I grew up in a very small town in India, in a house with no running water or bathroom.
When I was a teenager, I was a poor student. The safe bet would have been to coast through high school with mediocre grades and, upon graduation, simply eke out a living.
Instead, my father came up with what at first seemed a pie-in-the-sky proposal: Forget about the grades. Instead, devote every waking moment to trying to ace the admission exam for India’s top colleges.
It was a Hail Mary. And it worked. After much trial and tribulation that included initial rejections from the country’s state universities, a letter arrived from the Indian Institute of Technology (IIT), the country’s most competitive and prestigious college system.
One can draw some obvious lessons from my experience such as the importance of dreaming big, or perseverance, or heeding a father’s wisdom. But the path my father and I chose also colors my view today on an ever-critical business topic: risk.
Aiming for success on the college admission exam despite my apparent lack of academic potential represented a personal risk (one that others in our town found perplexing), but it really wasn’t much different than the big bets that businesses place every day. Risk and commerce have always been inextricably intertwined. After all, just about anything that brings a return—investing, starting a company, launching a new product—is inherently risky.
Experts often tell us that the best kind of risk is calculated risk. Smart entrepreneurs, we are told, are able to process information and determine the probability of success or failure before deciding whether the risk is worth undertaking.
Was my unorthodox course of action in high school a calculated risk?
Not in my mind. I think it was more a bold attempt to achieve a colossal outcome when I had little else to lose. I was pretty much on a dead-end road regardless of whether I stayed in high school or not. I needed to take a transformational risk to change my future.
I’m not a fan of calculated risk, either the term or the practice. To me, it sounds like a half measure rather than shooting for the stars.
Calculated risk also sounds like an oxymoron.
First, if risk truly could be calculated, it wouldn’t be risk. Risk is by nature uncertain, which makes it extraordinarily difficult if not impossible to enumerate, especially in a startup where so many variables about the technology and the market may not be known.
Second, if risk could be calculated, no one would ever take one. Why would any sane person start a company when nine out of 10 fail? Why would I have sought admission to IIT when the acceptance rate is less than 2 percent?
So how should leaders approach risk?
The first step should be to maximize risk, not shying away from it. To create growth in a startup, for instance, the earlier years should be filled with big risks for enormous results. And, yes, that’s true even in times of economic uncertainty. In fact, given the major companies born during downturns (Microsoft, Disney, FedEx, Uber, on and on), maybe it’s more true.
Bold risk is the indispensable ingredient in fueling disruption. A startup is in the business of creating something out of nothing, and, like the young me, it has nothing to lose. And disruption can’t happen without a passion for taking chances.
The question around risk in new endeavors shouldn’t be what or how much but why.
That was our philosophy in the early days of our now-unicorn cybersecurity company, Rubrik.
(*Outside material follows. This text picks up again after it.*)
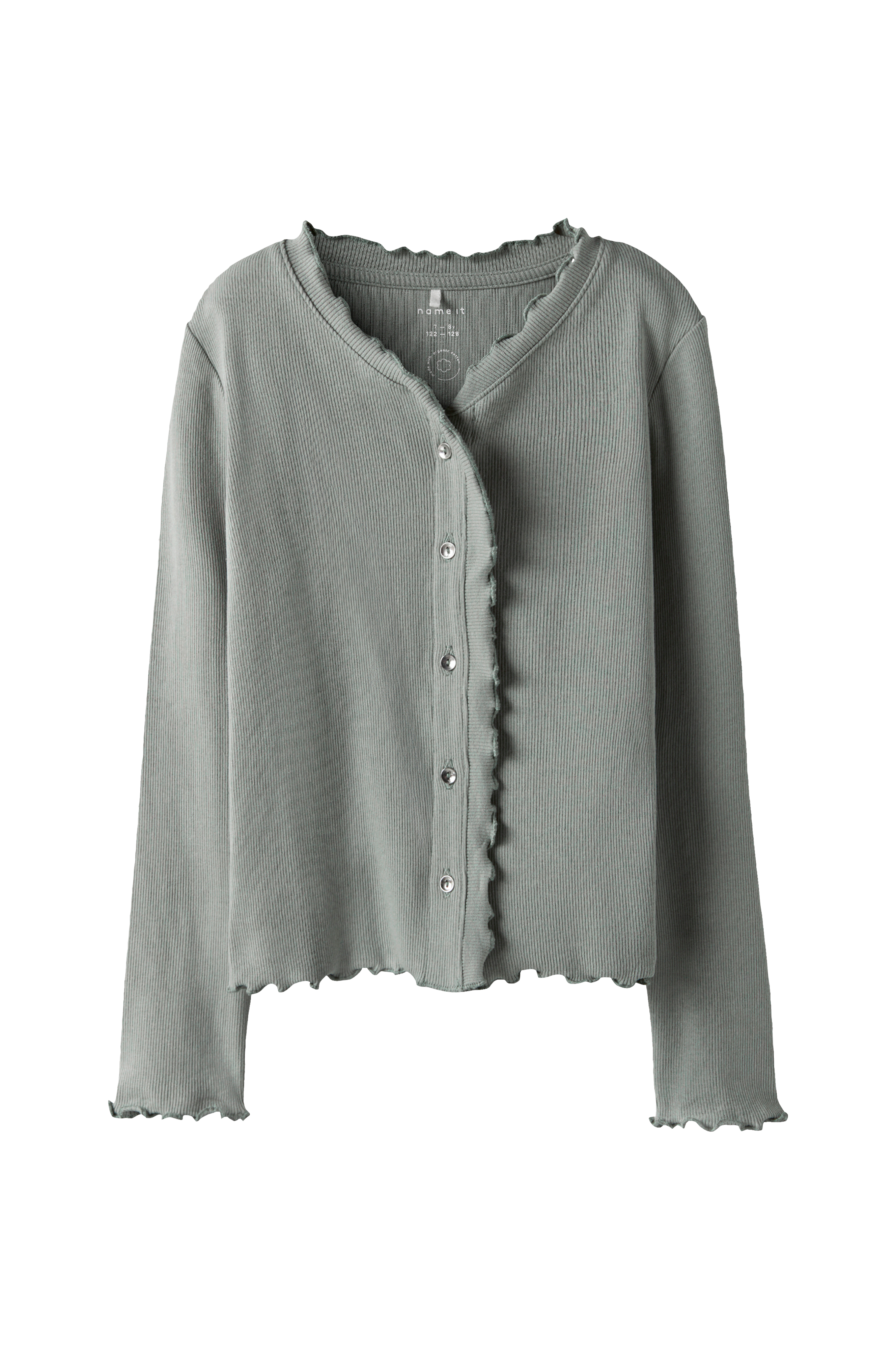 • Langærmet, ribbet top med knapper foran

We decided to put 10% of the capital that we raised in every round toward the highest level of risk we could take. For example, when we had only $10 million in capital and our product was not even in beta, we committed $1 million to marketing.
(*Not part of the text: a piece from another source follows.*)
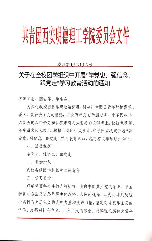 关于在全校团学组织中开展“学党史、强信念、跟党走”学习教育活动的通知
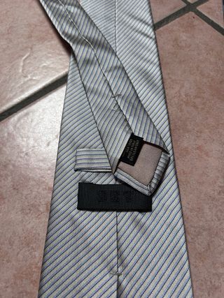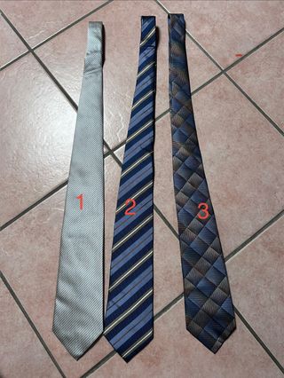 Set di tre cravatte in seta, perfette per completare un look elegante. - Cravatta grigia a righe sottili. - Cravatta blu a righe con dettagli marroni e bianche. - Cravatta con fantasia a rombi nei toni del blu e del grigio. Tutte e 3 le cravatte sono in seta, usate ciascuna una volta. Marchio “SET” - “Conbipel” - “Basile”. Vendibili singolarmente a 5€ ciascuna specificando il numero indicato nella prima foto

Assuming that our product would come out in one year, we bought booths at global events, created marketing materials for a product that wasn’t even in alpha, and hired a sales team to create demand for the product. In other words, we invested ahead of reality to create growth and momentum.
The payoff in growth seemed well worth whatever risk was involved.
If we had asked too many questions about why these moves were risky, we might never have done them! Obsession with calculated risk can be a self-fulfilling prophecy. It’s a mistake to put the risk cart before the growth horse.
The second step is to gain a deeper understanding of risk factors that create roadblocks to growth and work relentlessly to eliminate them.
Everything the company does from this point on should be about reducing friction to achieving the big growth goals.
Yes, risk will shift as a company matures. At some point, the organization may even become large enough that it must make a mindset shift to protect the assets it has created and can’t continue taking risks in the same proportion. Risks should never be reckless, after all.
But while calculated risk implies that risk is something to be quantified and mitigated, it really should be thought of as something to be understood, so that the factors behind it can be mitigated. Risk isn’t really about the risk itself, but about the ability to live with uncertainty and ambiguity while relentlessly shaping a better future.
As an entrepreneur, I know that if I am getting up every morning and feeling consistent emotions, I’m not doing it right. Running a startup means that some days, I should feel like I’m flying, and on others, I should feel like I’m dying.
Rather than viewing risk as something that can be calculated in isolation, think of risk in a different way: as a group of factors that might need to be addressed but should never become their own reality and stand in the way of aiming high.
It bears remembering that the word risk comes from the early Italian risicare, which means “to dare.” Entrepreneurs and visionary leaders dare. They don’t calculate risk, they embrace it. As T. S. Eliot wrote, “Only those who will risk going too far can possibly find out how far one can go.”